Table 1 summarizes the background and perioperative factors of patients with SCT and CS. In both groups, the proportion of female patients was more than twofold that of male patients. All patients were born at term and had an appropriate weight. Tethered cord syndrome occurred significantly more frequently in the CS group (p = 0.0108). However, no significant differences were observed for other malformations. The size of the tumor evaluated on imaging was not significantly different between the two groups. All patients in the CS group showed Altman classification type IV, whereas Altman classification type I was more common in the SCT group. In both groups, the pathology was mostly mature teratomas; there was one case of immature teratoma in the SCT group, two of hamartoma, and one of lipoma in the CS group. Due to intractable constipation, colostomy was performed in five patients in the CS group, before radical surgery. Age at radical surgery was significantly higher in the CS group (p = 0.0277). The surgical time was also significantly longer in the CS group (p = 0.012). There was no significant difference in the amount of bleeding associated with surgery between the two groups.

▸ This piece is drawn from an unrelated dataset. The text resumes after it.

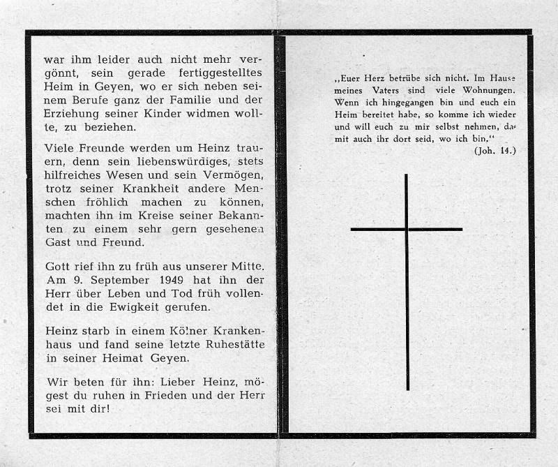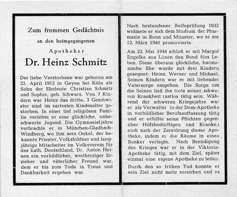 | Apotheker; Eltern: Christian Schmitz u. Sophie geb. Schwarz; sein Onkel: Priester u. Volksbildner (Volksverein für das kath. Deutschland) Dr. Anton Heinen; ∞ 22.5.1944 Margot Engelke aus Lünen; 3 K.: Heinz, Werner, Michael; Dom-Apotheke, Viktorian-Apotheke (Köln?); gerade fertiggestelltes Heim in Geyen; Friedhof Geyen |

Table 1 Background and perioperative factors of patients with SCT and CS

Early complications in the CS group were common (80%); mostly postoperative dysuria, which did not manifest before radical surgery. Of those with early complications, 33% improved over time, and 67% had voiding dysfunction. Dysuria was not evident as an early complication in the SCT group. Overall, early complications were significantly more common in the CS group than in the SCT group (p = 0.023). Regarding long-term prognosis, 70% of patients in the CS group complained of defecation disorders; this was significantly higher than that in the SCT group (p = 0.0198). Although there was no significant difference in dysuria, it tended to be more common in the CS group. One case of lower limb dyskinesia was observed in the SCT group, which was considered to be largely affected by comorbid neuromuscular disease. There were no recurrent tumors in either group. The median follow-up period for the SCT and CS groups was 8.4 and 7.9 years, respectively, with no significant difference observed between the two groups.

Discussion

Since SCT and CS are associated with different pathological findings, this study hypothesized that their prognosis is likely to be different. Comorbidities, perioperative factors, and long-term outcomes were significantly different from those of isolated SCTs and presacral tumors in CS. This is the first study to directly compare the background and prognosis of SCT and CS.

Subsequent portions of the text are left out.